Numpy batch dot product

Question

Suppose I have two vectors and wish to take their dot product; this is simple,

import numpy as np

a = np.random.rand(3)
b = np.random.rand(3)

result = np.dot(a,b)

If I have stacks of vectors and I want each one dotted, the most naive code is

# 5 = number of vectors
a = np.random.rand(5,3)
b = np.random.rand(5,3)
result = [np.dot(aa,bb) for aa, bb in zip(a,b)]

Two ways to batch this computation are using a multiply and sum, and einsum,

result = np.sum(a*b, axis=1)

# or
result = np.einsum('ij,ij->i', a, b)

However, neither of these dispatch to the BLAS backend, and so use only a single core. This is not super great when N is very large, say 1 million.

tensordot does dispatch to the BLAS backend. A terrible way to do this computation with tensordot is

np.diag(np.tensordot(a,b, axes=[1,1])

This is terrible because it allocates an N*N matrix, and the majority of the elements are waste work.

Another (brilliantly fast) approach is the hidden inner1d function

from numpy.core.umath_tests import inner1d

result = inner1d(a,b)

but it seems this isn't going to be viable, since the issue that might export it publicly has gone stale. And this still boils down to writing the loop in C, instead of using multiple cores.

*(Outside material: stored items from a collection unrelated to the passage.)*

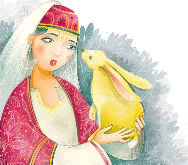 Наверху была приоткрыта дверь, зайчик забежал в неё, царевна вошла следом и оказалась в чудесной комнате, пол которой был устлан шёлковыми коврами, а стены украшены золотом и драгоценными камнями. У каждой стены стояла тахта с бархатными подушками, а в каждом углу – золотой сосуд с благовониями.
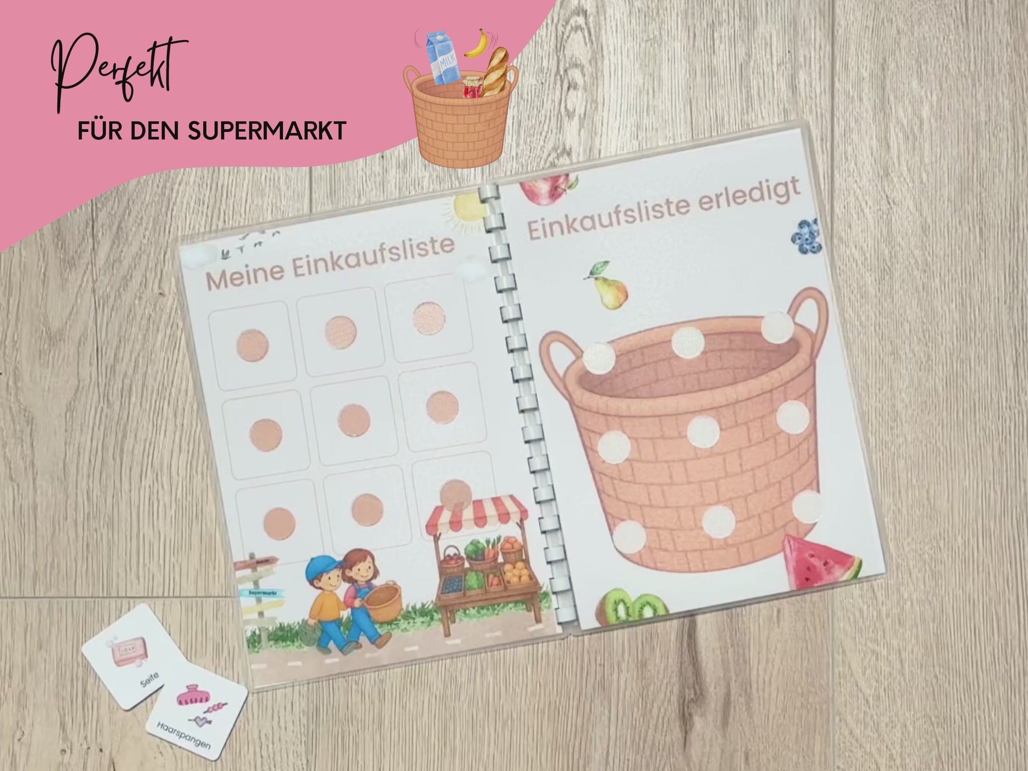 Mach das Einkaufen mit deinem Kind einfacher, strukturierter und spielerisch – mit unserem liebevoll gestalteten, Montessori-inspirierten Einkaufslisten-Set.
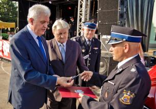 Po wręczeniu odznaczeń odbyło się uroczyste ślubowanie najmłodszych członków Młodzieżowej Drużyny Pożarniczej. Następnie głos zabrali zaproszeni goście gratulując tak wspaniałego jubileuszu oraz nowego samochodu, a na ręce pełniącego od 22 lat Prezesa OSP Jana Sztafińskiego wręczyli pamiątkowe tablice, puchar i kwiaty.
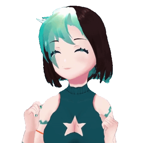 Geist Spaceghostess, the VTuber, happily dancing and jamming with a cheerful expression.

Is there a way to get dot, matmul, or tensordot to do all these dot products at once, on multiple cores?

Answer 1

First of all, there is no direct BLAS function to do that. Using many level 1 BLAS function calls is not very efficient since using multiple threads for a very short-timed computation tends to introduce a pretty-big overhead and not using multiple threads may be sub-optimal. Still, such computation is mainly memory-bound and so it scales poorly on platform with many cores (few cores are often enough to saturate the memory bandwidth).

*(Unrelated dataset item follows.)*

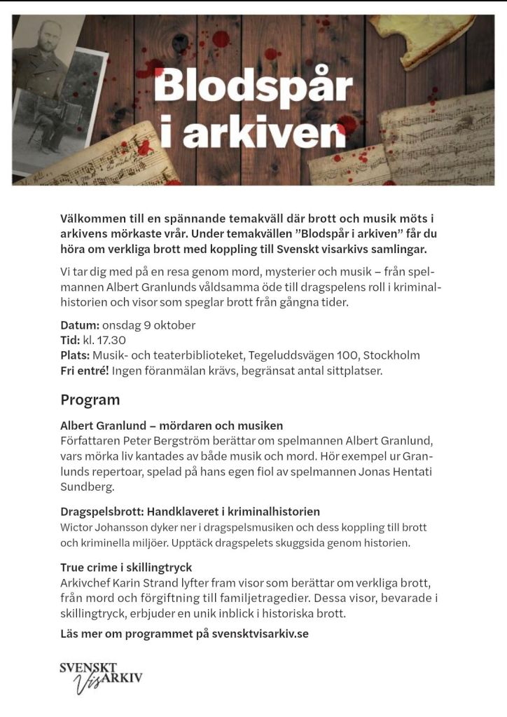 9 oktober 2024 klockan 17.30 kommer jag att hålla ett föredrag på Musik- och teaterbiblioteket om mördaren och spelmannen Albert Granlund. Dessutom framför spelmannen Jonas Hentai Sundberg exempel ur Granlunds egen repertoar från noter i Svenskt visarkivs ägo. På mördarens egen fiol. Och så pratar Wictor Johansson om ”Dragspelsbrott: Handklaveret i kriminalhistorien” och Karin Strand om ”True crime i skillingtryck”. Det här vill ni inte missa! Läs mer här.
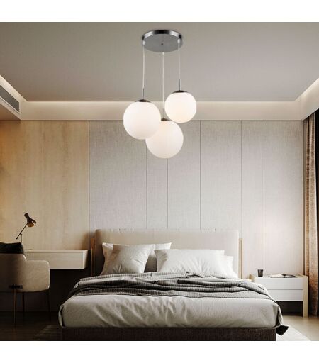 Globo Lampada a sospensione Lampada da soggiorno Lampada a sospensione a sfera in vetro con paralumi di diverse dimensioni, metallo, 3x led 8 w 806lm

One simple solution is to use the Numexpr package which should do that quite efficiently (it should avoid the creation of temporary arrays and should also use multiple threads). However, the performance is somewhat disappointing for big arrays in this case.

The best solution appears to use Numba (or Cython). Numba can generate a fast code for both small and big input arrays and it is easy to parallelize the code. However, please note that managing threads introduces an overhead which can be quite big for small arrays (up to few ms on some many-core platforms).

Here is a Numexpr implementation:

import numexpr as ne
expr = ne.NumExpr('sum(a * b, axis=1)')
result = expr.run(a, b)

Here is a (sequential) Numba implementation:

import numba as nb

# Use `parallel=True` for a parallel implementation
@nb.njit('float64[:](float64[:,::1], float64[:,::1])')
def multiDots(a, b):
    assert a.shape == b.shape
    n, m = a.shape
    res = np.empty(n, dtype=np.float64)

    # Use `nb.prange` instead of `range` to run the loop in parallel
    for i in range(n):
        s = 0.0
        for j in range(m):
            s += a[i,j] * b[i,j]
        res[i] = s

    return res

result = multiDots(a, b)

Here are some benchmarks on a (old) 2-core machine:

On small 5x3 arrays:
    np.einsum('ij,ij->i', a, b, optimize=True):  45.2 us
    Numba (parallel):                            12.1 us
    np.sum(a*b, axis=1):                          9.5 us
    np.einsum('ij,ij->i', a, b):                  6.5 us
    Numexpr:                                      3.2 us
    inner1d(a, b):                                1.8 us
    Numba (sequential):                           1.3 us

On small 1000000x3 arrays:
    np.sum(a*b, axis=1):                         27.8 ms
    Numexpr:                                     15.3 ms
    np.einsum('ij,ij->i', a, b, optimize=True):   9.0 ms
    np.einsum('ij,ij->i', a, b):                  8.8 ms
    Numba (sequential):                           6.8 ms
    inner1d(a, b):                                6.5 ms
    Numba (parallel):                             5.3 ms

The sequential Numba implementation gives a good trade-off. You can use a switch if you really want the best performance. Choosing the best n threshold in a platform-independent way is not so easy though.